* **TASK DESCRIPTION**:
Starting at the line below with "Our Guruji bracelet" and stopping at the line with "Entdecken Sie cleveren", please print each line exactly, those two included, and skip every picture.

SOURCE DATA below:

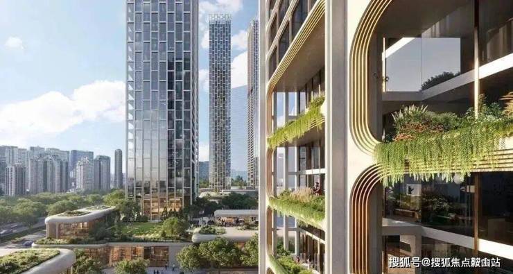 从效果图来看,外立面非常之有个性彰显。这是深圳从铝板玻璃幕的风格后又脱颖出来的一个新方向,也是进一步凸显出与过去老房子区别的鸿沟。
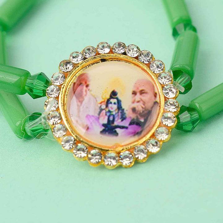 Our Guruji bracelet is a tangible symbol of divine connection. Crafted with care and reverence, it is designed to be worn close to your heart, serving as a constant reminder of Guruji's presence. The bracelet is adorned with sacred symbols and gemstones that hold spiritual significance, channeling positive energy and protection.
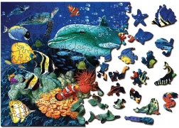 Entdecken Sie cleveren Puzzlespaß mit einem Holzpuzzle, das mit einem detailreichen Unterwassermotiv erfreut und durch seine beidseitige Ausführung begeistert. Sie können nach dem Motiv auf der Vorderseite oder nach dem wiederkehrenden Muster auf der Rückseite puzzeln – ideal zum Trainieren von Konzentration und räumlicher Vorstellungskraft.
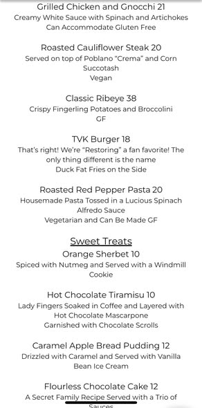 To start, diners can expect elevated takes on familiar dishes. The Grilled Chicken and Gnocchi features a creamy white sauce with spinach and artichokes, and it can be made gluten-free. Meanwhile, the Roasted Cauliflower Steak offers a flavorful vegan option served over poblano crema and corn succotash. Another standout is the TVK Burger, a revived favorite from the previous restaurant, now served with duck fat fries.

End of SOURCE DATA.

* **SOLUTION TO THE PROBLEM**:
 Our Guruji bracelet is a tangible symbol of divine connection. Crafted with care and reverence, it is designed to be worn close to your heart, serving as a constant reminder of Guruji's presence. The bracelet is adorned with sacred symbols and gemstones that hold spiritual significance, channeling positive energy and protection.
 Entdecken Sie cleveren Puzzlespaß mit einem Holzpuzzle, das mit einem detailreichen Unterwassermotiv erfreut und durch seine beidseitige Ausführung begeistert. Sie können nach dem Motiv auf der Vorderseite oder nach dem wiederkehrenden Muster auf der Rückseite puzzeln – ideal zum Trainieren von Konzentration und räumlicher Vorstellungskraft.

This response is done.